Cuyahoga Valley National Park Self-Guided Driving Audio Tour
Guided ExperienceTwenty minutes from downtown Cleveland, the Cuyahoga River cuts a forested gorge through sandstone and shale that feels nothing like the industrial city you left behind. The air smells of damp earth and creek water, herons stand motionless in the shallows, and the sound of the river over the Brandywine Falls drowns out whatever occupied your mind before you arrived. This self-guided audio tour routes you through the park's key stops, the Ohio and Erie Canal towpath, the historic lock system, the open meadows at Beaver Marsh, with narration that explains the geology and the valley's role in Ohio's transportation history without ever making the experience feel like a classroom exercise. The 4.8-star rating across its reviews is the kind of score that means people completed the route and were glad they did.

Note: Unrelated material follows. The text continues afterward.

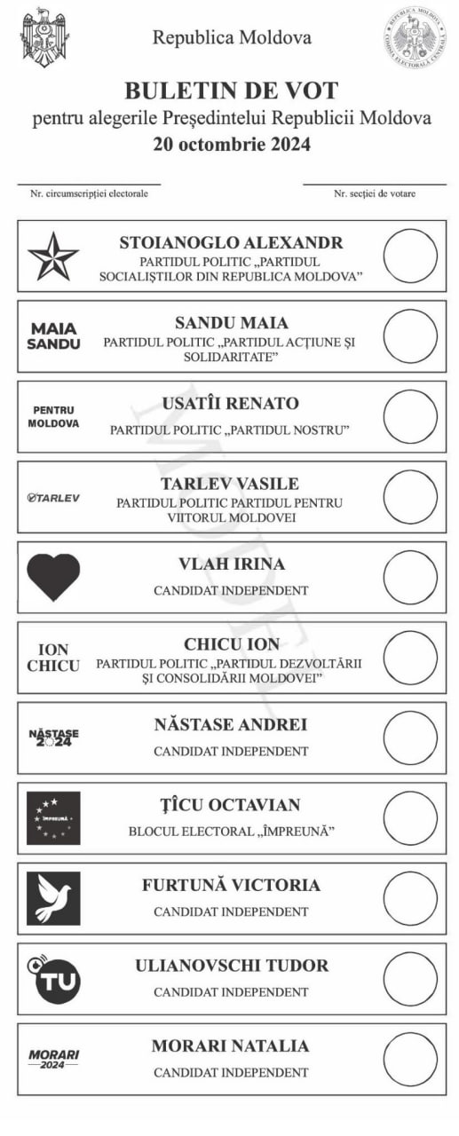 Totodată, CEC a aprobat modelul și textul buletinului de vot pentru alegerile Președintelui Republicii Moldova din 20 octombrie 2024. Acesta se va tipări pe hârtie opacă (mată) de culoare gri afumat pentru turul I și pentru turul II se va tipări pe hârtie opacă (mată) de culoare albastră oțel. Concurenții electorali se vor înscrie în buletin conform ordinii stabilite.

Hidden Sights and Stops of Cleveland
OtherCleveland carries an entire layer of architectural detail, historical footnotes, and neighborhood character that most visitors walk past without registering. This private tour, which earns its five-star rating through specificity rather than spectacle, exists to make that layer visible and legible. Your guide knows the building in the Warehouse District whose freight elevator still runs on its original early-twentieth-century mechanism, the alley in Ohio City where the cobblestones have never been repaved, the Euclid Corridor sight line that frames the Terminal Tower at an angle no tourist photograph ever captures. It is a tour for people who have visited Cleveland before and felt there was more to find, or for first-timers who want a version of the city that no crowd will share with them.
The Best of CLE
OtherThe Best of CLE compresses Cleveland's essential geography, the lakefront, the Flats, the cultural institutions, the working neighborhoods, into a curated sequence that produces a complete portrait of the city rather than a highlight reel of its most-photographed moments. The guide moves between the monumental (the Federal Building's colonnaded facade, the Terminal Tower's Art Deco lobby, the wide view of Lake Erie from the Edgewater bluff) and the street-level (the murals of East Fourth Street, the sensory density of the Market District at midday) with the pacing of someone who has thought carefully about what order makes Cleveland's story cohere. For visitors with limited days, this is the version of the city that leaves you knowing exactly where to return.
West Side Market Food Tour
FoodThis focused tour stays inside the West Side Market itself, a century-old cast-iron arcade whose vendors represent more than a dozen culinary traditions in a space where the noise of negotiation and the heat of the rotisserie counters combine into an atmosphere unlike any other market in the Midwest. You move through the indoor produce hall, the meat arcade, the cheese and prepared-food counters with a guide who has personal relationships with specific vendors and can explain why the smoked kielbasa at one stall carries a different smoke profile than the one three booths down. It is a narrower scope than the Ohio City neighborhood tour, and a more intimate one, ninety minutes inside a building that rewards the visitor who brought attention rather than a shopping list.